A vitória especial do dr. Enã

Se para todos os formandos de Medicina, a diplomação – depois de tanto esforço e
anos de estudo – é a celebração de uma grande vitória, para Enã Rezende, 26 anos, esse momento foi particularmente especial, importante e comemorado. Afinal, quando
criança, uma professora chegou a dizer que ele não poderia sequer se alfabetizar.

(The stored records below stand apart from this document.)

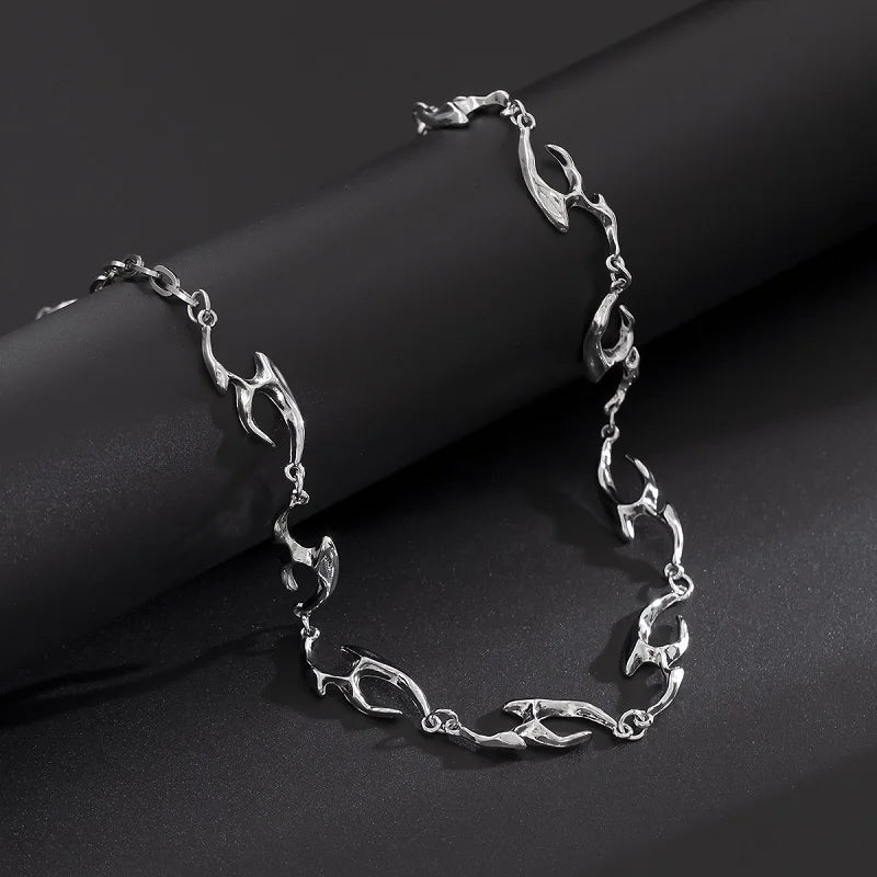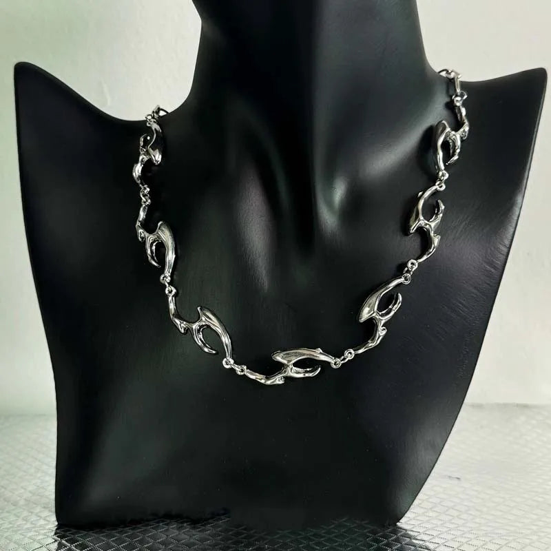 2025 New Punk Silver Thorny Choker Necklace for Hip Hop and Rock Style
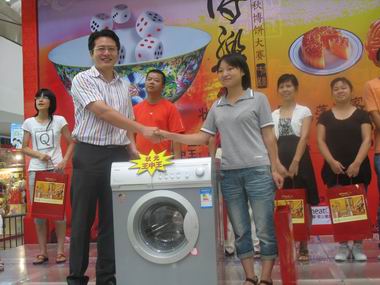 现场准备着代表好运连连的六个“超级”骰子,由每位状元依次上台掷色子,在规定范围内产生的级别进行比大小,如果是相同的级别,则根据实际点数进行比大小。第一位状元吴昌红女士可能由于过于紧张,把骰子丢出了规定范围之外,遗憾的失去了竞争“状元王中王”的机会。接下来的选手或滚骰子,或跑骰子,或投骰子,各种绝招齐上阵,希望博出一个好彩头。最后第七位状元黄元敏女士和第十位状元王振东先生都掷出了二举,而根据活动规则,同是二举所带的点数相加多者胜,因此黄元敏小姐最后如愿成为了2008SM中秋博饼大赛“状元王中王”,赢得了价值2299元的洗衣机一台。
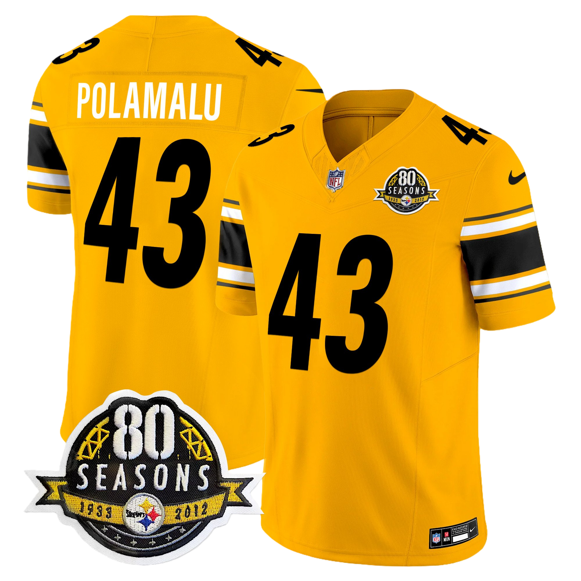 Pittsburgh Steelers 80th Anniversary Patch Vapor Limited Jersey – All Stitched 46- #43 Troy Polamalu
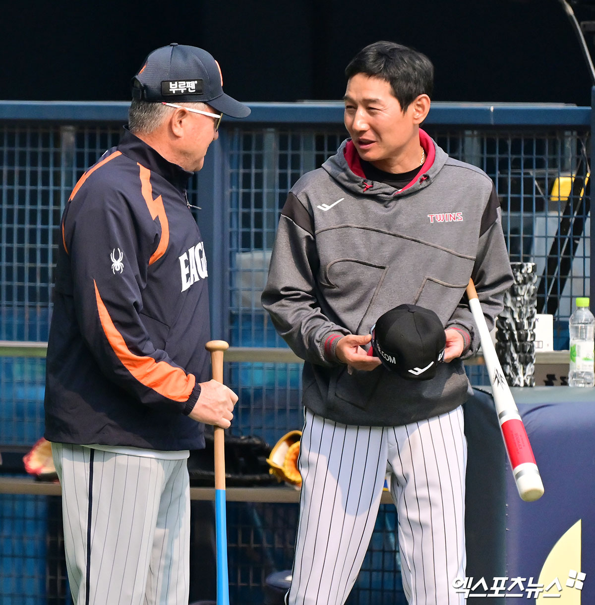 (엑스포츠뉴스 잠실, 김한준 기자) 27일 오후 서울 송파구 잠실야구장에서 열리는 '2025 신한 SOL Bank KBO리그' 한화 이글스와 LG 트윈스의 경기, 한화 김경문 감독과 LG 염경엽 감독이 인사를 나누고 있다.
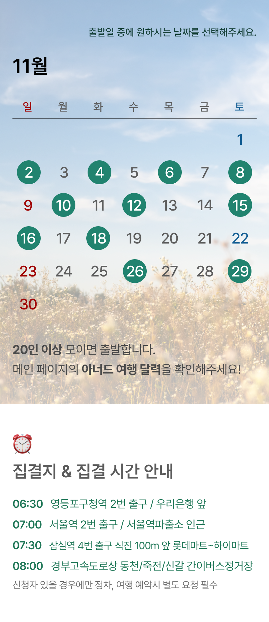 붉게 물드는 내변산 깊숙히, 부안의 새로운 매력을 발견해 보아요 #직소폭포단풍 #내소사전나무숲 #채석강 #인삼바지락죽 • 포함 사항 🚌 28인승 리무진 우등버스 1인1좌석 (✽실제 배차 차량은 아너드 그린 차량이 아닐 수도 있습니다.) 💁 여행비서/기사 경비 🥪 조식 샌드위치 🍚 중식 인삼바지락죽&바지락메밀전 (✽특정 식재료에 알레르기가 있는 경우, 상세페이지 하단의 원료를 참고해주세요.) • 불포함 사항 📑 여행자 보험, 기타 개인 경비 |
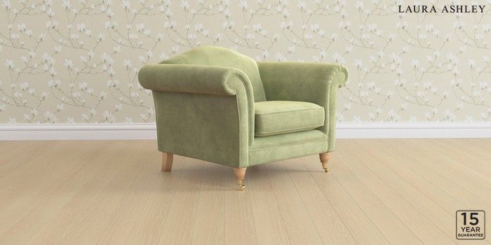 6.12.1 Buy Gloucester by Laura Ashley Armchair Orla Pale Hedgerow Green Low Brass Castor - Light Oak from the Next UK online shop Click here to use our accessible website
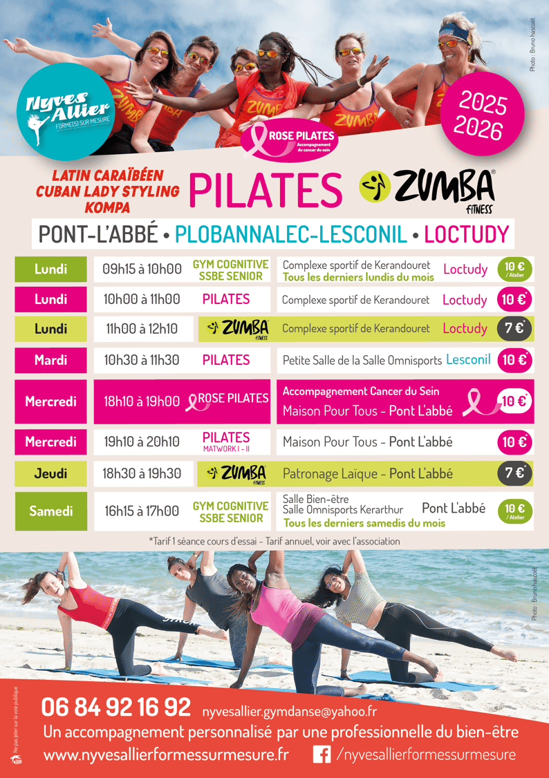 Planning des Cours de l'année 2025-2026 de PILATES, ZUMBA, CUBAN LADY STYLING, GYM COGNITIVE SSBE SENIOR, ROSE PILATES à Pont-l'Abbé, Plobannalec-Lesconil, Loctudy, Pont-Aven, Quimper - Par Nyves Allier, association Gym Bien-être
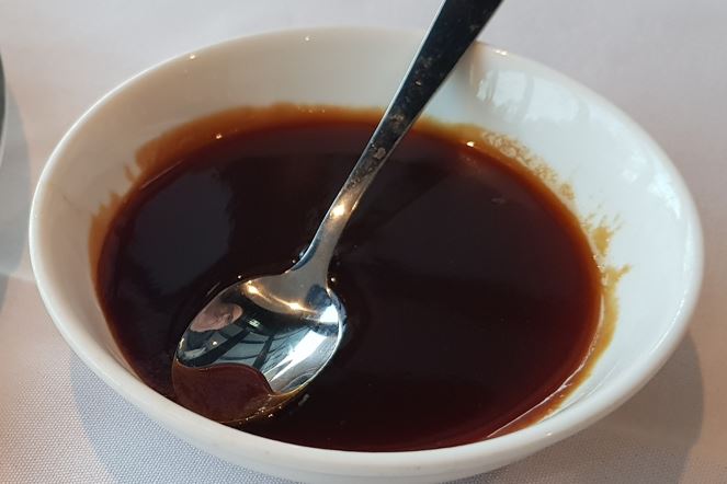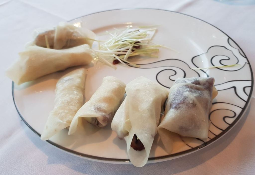 The duck arrived on a trolley and the waiter carved the duck and duck skin, and made pancakes in front of us with chilli, cucumber, and spring onions. We were presented with the plate of pancakes and some hoisin to dip them in. They were absolutely delicious.
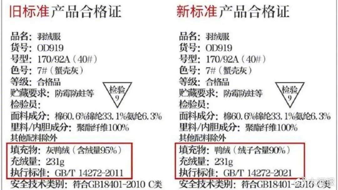 记者了解到,此前,我国羽绒服使用的旧国标《羽绒服装》以“含绒量”作为指标,绒丝、羽丝都可计入含绒量,例如90%含绒量,实际绒子含量只有81%,其余部分可用造价较低的“飞丝”找齐。
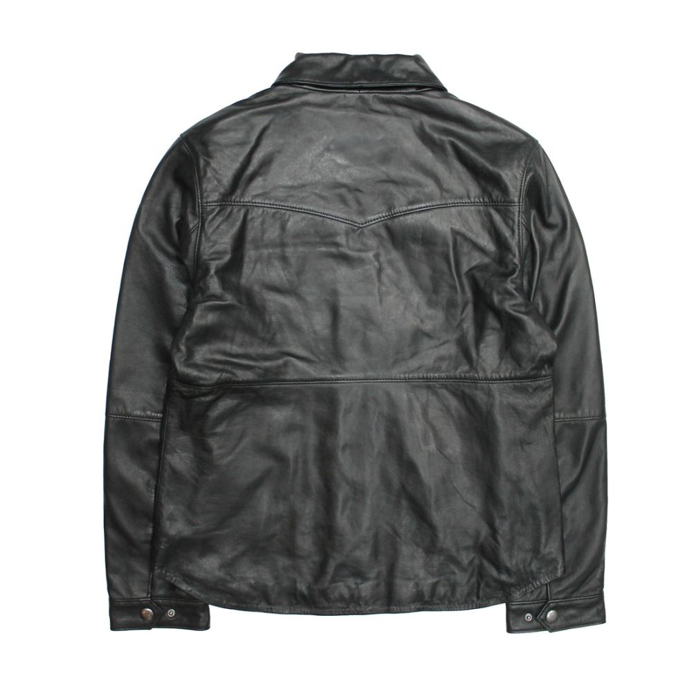 Authentic soft Nappa lamb leather shirt. Need something with sleeves & a touch heavier for the cooler evenings? Not only is this garment very light and simple in its design - and easy to pack - but also features a personalized metal snaps closure, chest pockets, a half-lining, iconic arcuate V-shaped back, and decorative Frye Campus style stitched seams on the front placket.
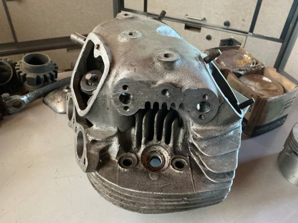 Asking $40 for commando rear rack with wood inlay. Asking $75 for new old stock 750cc? pistons +10. ( bonus 3rd new piston included free. Also have rh10 head has a cracked fin asking $125. Discount if someone wants all . ALSO 1970 commando complete assembled engine with matching number transmission 600.
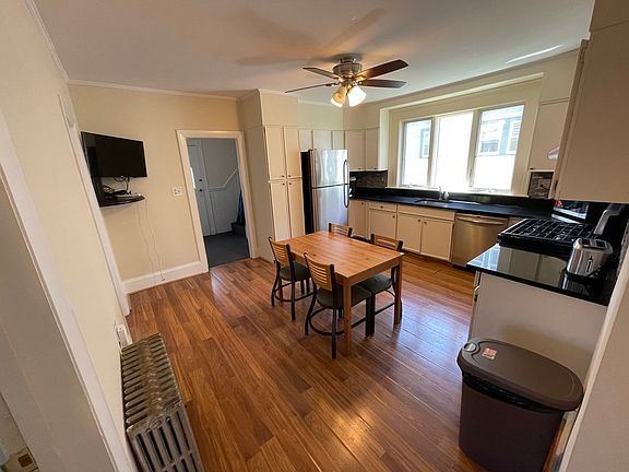 Good-sized 4 bedroom / 1 bathroom apartment with 2 private outdoor spaces (front and back decks) and massive common fenced-in yard, 1 garage parking space, 1 driveway parking space, free common laundry, as well as an updated kitchen on a quiet street in an incredible location in Brighton, located a just half a block away from Western Ave and the brand new Pavement Coffeehouse, and within a 1/4 mile of Charles River Parks, Star Market Grocery Store, Starbucks, and over 10 great restaurants. This apartment is also just a one minute drive to the Soldiers Field Rd on-ramp. This place is perfect for young professionals and graduate students who want proper-sized bedrooms with private outdoor space and parking for an affordable price near public transportation, parks, and bike/walking paths in a quiet building but also near the hustle and bustle of Boston. Available now! Available FURNISHED for additional monthly charge.
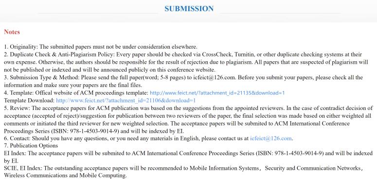 ICFEICT 2021將于5月21-23日在湖南長(zhǎng)沙召開(kāi),歡迎大家投稿Workshop 17: Optical Wireless Communications,投稿截止日期4月30日。請(qǐng)根據(jù)大會(huì)提供的模板準(zhǔn)備稿件(建議5-7頁(yè),超過(guò)7頁(yè)將收取Extra Page Charge),請(qǐng)將投稿郵件的主題命名為“paper title_workshop title”,然后將稿件發(fā)送到icfeict@126.com。
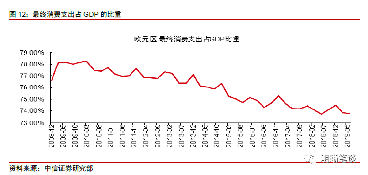 因为欧元区居民部门和政府部门需求弱,导致企业无利可图,自然没有动机借钱再投资。居民、政府和企业部门是互相联系的,而且容易形成正反馈的循环。当政府部门需求下降,企业部门的收入就会下降,企业部门收入下降会导致居民部门收入下降以及政府税收下降,居民收入下降又会导致政府税收和企业收入下降,导致恶性循环。而欧元区GDP中比重最大的就是最终消费支出,疲弱的居民需求和政府需求,导致企业无利可图,缺乏扩大再生产的动机。
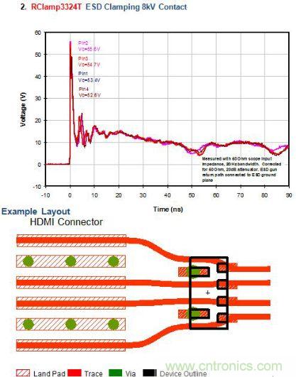 圖2:低的ESD鉗位電壓應(yīng)用分析一
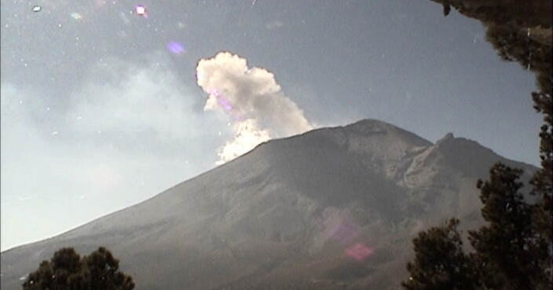 Por medio de los sistemas de monitoreo del volcán Popocatépetl se identificaron 84 exhalaciones acompañadas de vapor de agua, gases volcánicos y bajo contenido de ceniza. Adicionalmente se registraron 45 minutos de tremor y un sismo volcanotectónico ayer a las 12:34 h con magnitud de 2.2
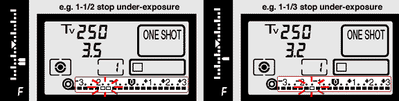 If CF No. 6 is used to set the exposure compensation amount in 1/2-stop or 1/3-stop increments, the exposure level indicator in the viewfinder display and in the LCD panel appear as shown here.Flash exposure compensation is different from ambient light exposure compensation. It is grouped under Flash Photography section.
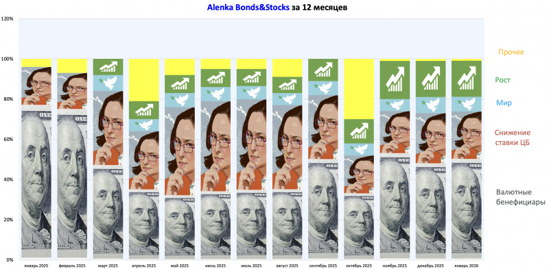 В портфелях есть все основные текущие идеи, которые перечислены в записи про стратегию https://alenka.capital/post/strategiya_2026_predvaritelnaya_zapis_114755/.
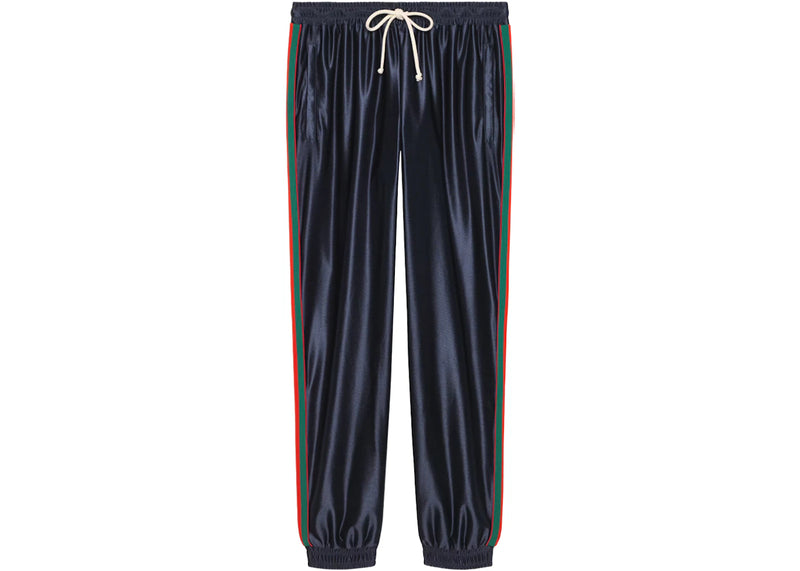 The Gucci Shiny Jersey Pant With Web Blue is now available at Side Kicks!
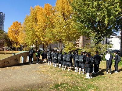 銀杏並木のキレイな野崎公園で待っていると・・・。
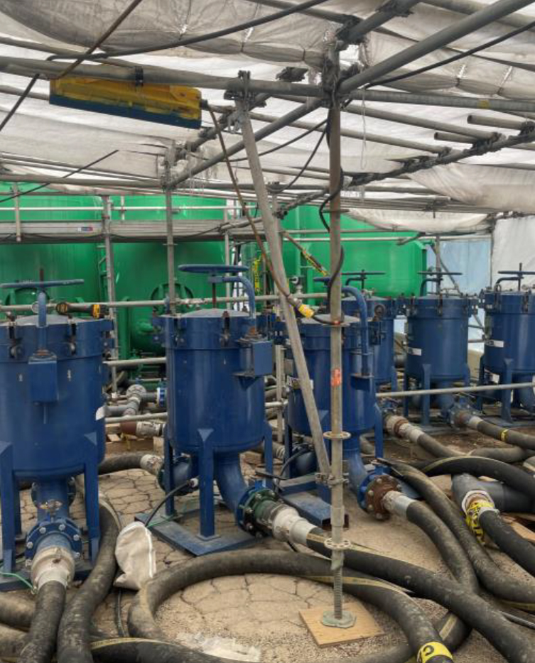 Two individual water treatment systems operate concurrently on-site, treating up to 4,500 m³ of mercury-contaminated water daily. Each system consists of four large carbon vessels, a high-pressure diesel pump, four sand pod filters, and three bag filter chambers. The systems run 24/7, with a single water treatment technician overseeing both at any given time. Carbon changeouts are required on a frequent basis and are carried out onsite by the KBL personnel.
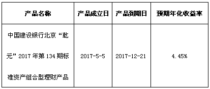关于中国建设银行北京“乾元”2017年第134期标准资产组合型理财产品成立的公告

Portador de Transtorno do Espectro Autista (TEA) leve, Enã, com o apoio de sua mãe e de toda a família, não apenas se alfabetizou como nunca teve uma reprovação escolar, conseguindo realizar o sonho de ser médico que o acompanhava desde a morte do pai, quando tinha sete anos.

Enã formou-se em 15 de janeiro deste ano, pela Faculdade de Medicina da Universidade de Cuiabá (Unic), no Mato Grosso. De Rondonópolis, no mesmo Estado, onde vivia com a família, ele se mudou para a capital matogrossense para poder cursar a faculdade, morando sozinho e adquirindo mais independência e autonomia. Além da paixão pela Medicina, sempre foi um leitor ávido, escreve artigos, crônicas e poesias, e gosta de desenhar e jogar xadrez.

O bullying e as incompreensões que sofreu desde a infância nunca o fizeram pensar em desistir do sonho de ser médico. Com a certeza de quem está atingindo seus objetivos, ele diz aos que enfrentam dificuldades na busca de seus ideais: "não desistam, levantem a cabeça, lutem, corram atrás de seus sonhos. Haverá dificuldades, mas elas não os tornam incapazes". E cita Fernando Pessoa: "Pedras no caminho, guardo todas, um dia vou construir um castelo".

"Espero ser um médico preocupado com o lado humano e nunca me permitir ser dominado pela arrogância"

Ser — Quando surgiu seu interesse pela Medicina?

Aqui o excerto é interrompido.